Xu, Long and their colleagues conducted comprehensive analyzes of blood plasma compounds from mice after intense treadmill running. The most strongly induced molecule was a modified amino acid called Lac-Phe. It is synthesized from lactate (a byproduct of strenuous exercise that is responsible for the burning sensation in muscles) and phenylalanine (an amino acid that is one of the building blocks of proteins).
In mice with dietary obesity (fed a high-fat diet), a high dose of Lac-Phe suppressed food intake by about 50% compared to control mice over a 12-hour period, without affecting their movement or energy expenditure. When administered to mice for 10 days, Lac-Phe reduced cumulative food intake and body weight (due to loss of body fat) and improved glucose tolerance.
The researchers also identified an enzyme called CNDP2 that is involved in the production of Lac-Phe and showed that mice lacking this enzyme did not lose as much weight on an exercise regimen as a control group on the same exercise regimen.
Interestingly, the team also found significant increases in plasma Lac-Phe levels after physical activity in both racehorses and humans. Data from a human exercise cohort showed that sprinting exercise induced the most dramatic increase in plasma Lac-Phe, followed by resistance training and then endurance training.
“This suggests that Lac-Phe is an ancient and conserved system that regulates food intake and is associated with physical activity in many animal species,” Long said.
“Our next steps include finding more details on how Lac-Phe mediates its effects in the body, including the brain,” Xu said. “Our goal is to learn to modulate this training path for therapeutic interventions.”

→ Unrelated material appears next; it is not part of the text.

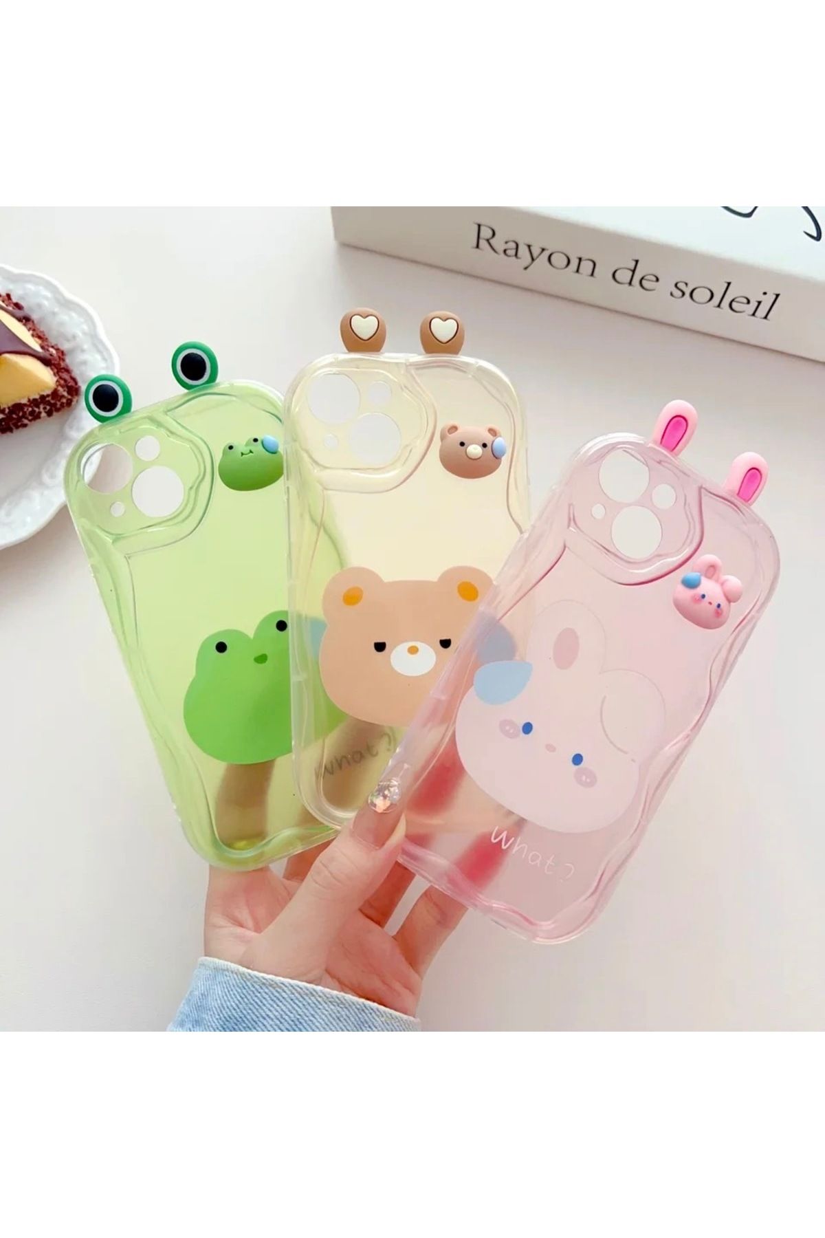 Go Aksesuar Iphone 13 Ve 14 Uyumlu Kulaklı Tasarımlı Oyuncaklı Şeffaf Silikon Kılıf

About this exercise and news from neuroscientific research
Author: press office
Source: Baylor College of Medicine
Contact: Press Office – Baylor College of Medicine
Picture: The image is in the public domain
Original research: Closed access.
“An exercise-inducible metabolite that suppresses food intake and obesity” by Jonathan Long et al. Nature
See also
abstract
An exercise-inducible metabolite that suppresses food intake and obesity
Exercise protects against obesity, type 2 diabetes and other cardiometabolic diseases. However, the molecular and cellular mechanisms that mediate the metabolic benefits of physical activity remain unclear.

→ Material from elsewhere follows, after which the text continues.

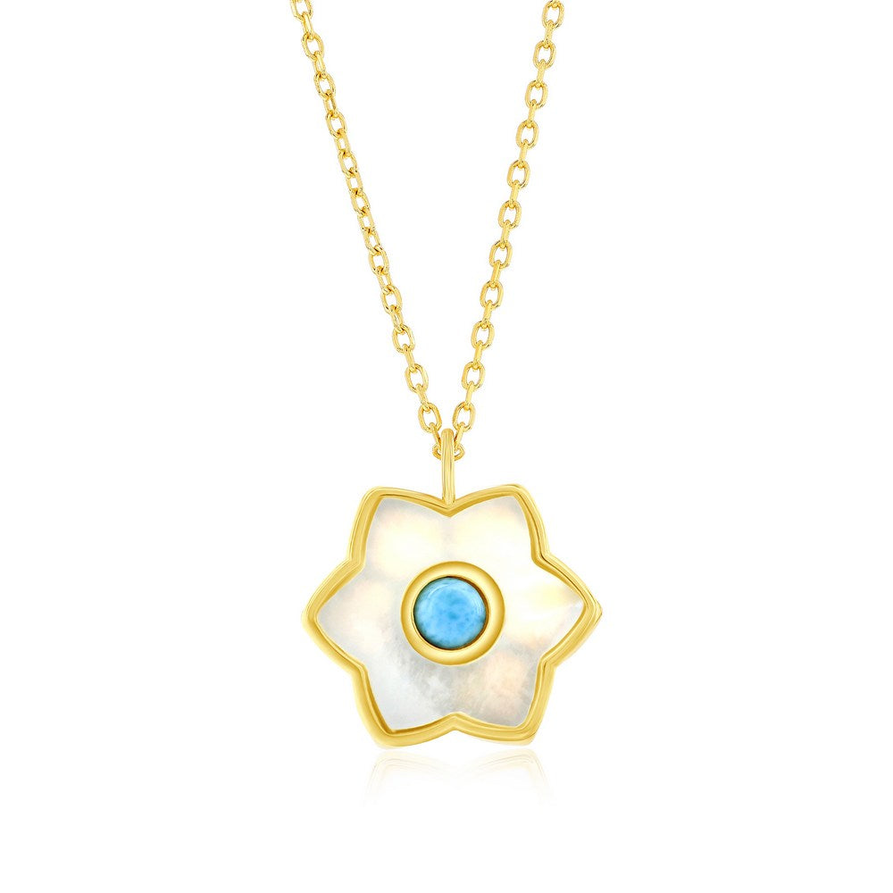 Sterling Silver, Larimar & MOP Flower Necklace - Gold Plated

Here we show that exercise stimulates the production of N-Lactoyl-phenylalanine (Lac-Phe), a blood-borne signaling metabolite that suppresses food intake and obesity.

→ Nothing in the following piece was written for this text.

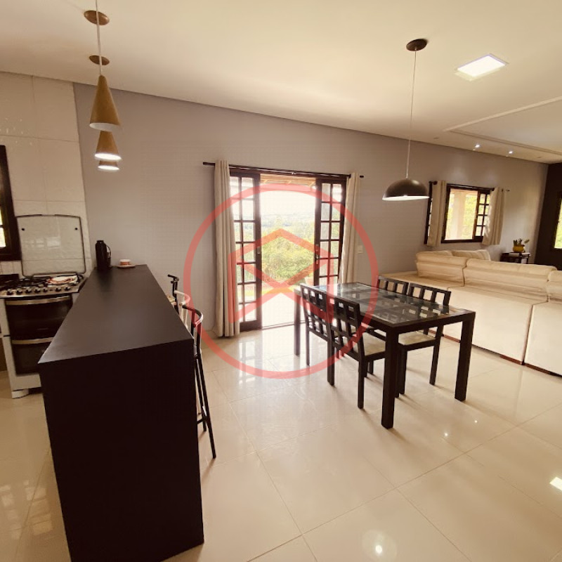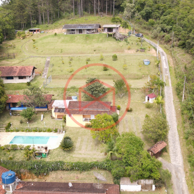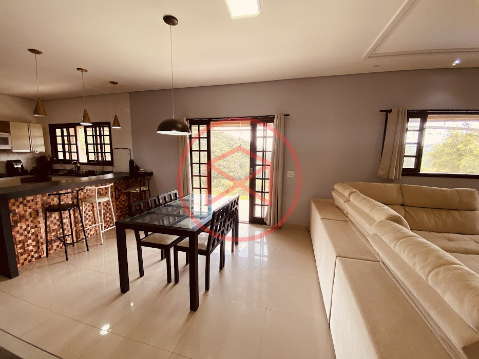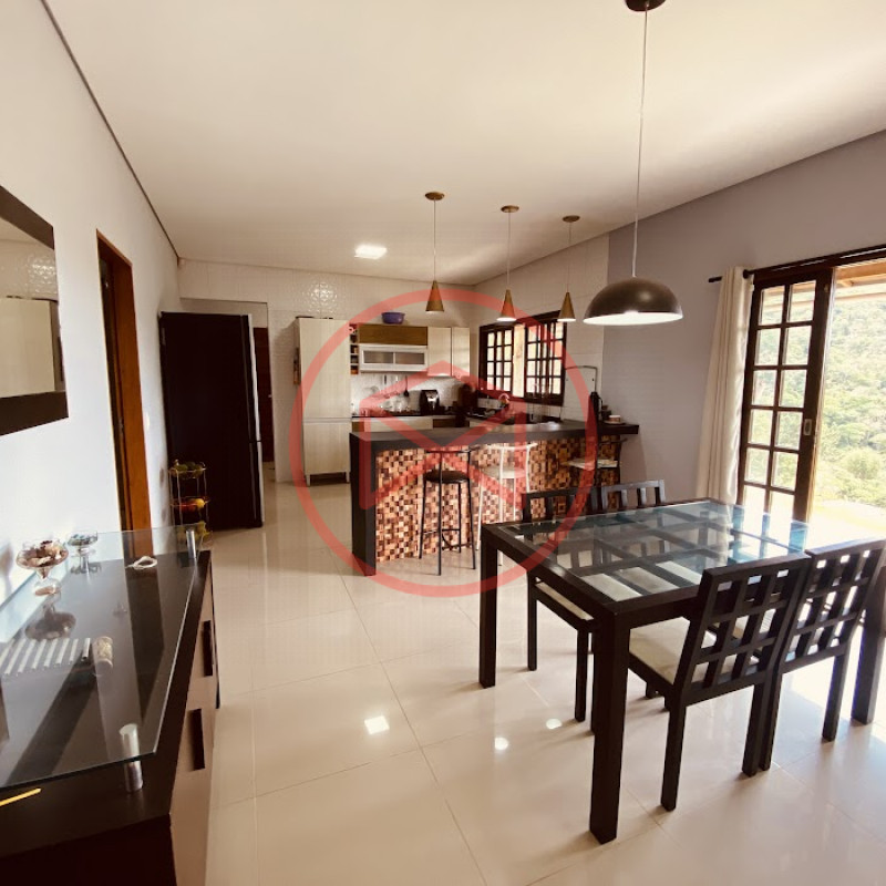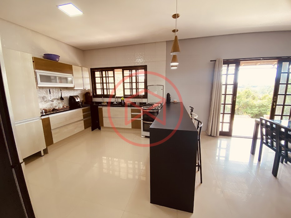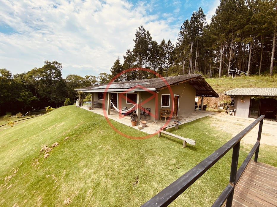 Apenas 300 mts de estrada. Lugar com linda vista panorâmica. Terreno 12.500 mts² boa topografia acima do nível da rua, bem aproveitável, 90% desmatado. Área construída em torno de 700 mts². Casa Sede com 3 suítes, sala de jantar com linda vista, sala de tv, cozinha estilo americano conceito aberto com móveis planejados, área de serviço e varandão. Casa de hóspedes com 2 quartos, sendo 1 suíte, sala, cozinha com copa, sala de tv, sala de estar, banheiro social, área de serviço e varanda. Espaço Gourmet com "trio-mineiro": churrasqueira, forno e fogão a lenha, pia como suporte e lavabo, salão de jogos/festa integrado. Piscina em vinil com prainha, deck de pedra natural e pequeno deck de madeira. Lago com nascente. Propriedade toda gramada. Horta. Pomar com árvores frutíferas. Bosque com árvores nativas. Campo de futebol. Galpão. Galinheiro. Canil. Playground. Espaço para estacionar em média de 10 carros. Totalmente cercado com alambrado e entrada padrão de chácara. Localizada apenas 30 minutos da cidade, telefone fixo e internet fibra óptica, chácaras vizinhas formadas por moradores e veraneios. Vale a pena analisar essa grande oportunidade.

The biosynthesis of Lac-Phe from lactate and phenylalanine occurs in CNDP2+ Cells, including macrophages, monocytes, and other immune and epithelial cells located in various organs. In diet-induced obese mice, pharmacologically mediated increases in Lac-Phe reduce food intake without affecting exercise or energy expenditure.
Chronic administration of Lac-Phe reduces obesity and body weight and improves glucose homeostasis. Conversely, genetic ablation of Lac-Phe biosynthesis in mice increases food intake and post-exercise obesity.
Finally, large activity-induced increases in circulating Lac-Phe are also observed in humans and racehorses, establishing this metabolite as a molecular effector associated with physical activity across multiple activity modalities and mammalian species.
These data define a conserved exercise-inducible metabolite that controls food intake and affects systemic energy balance.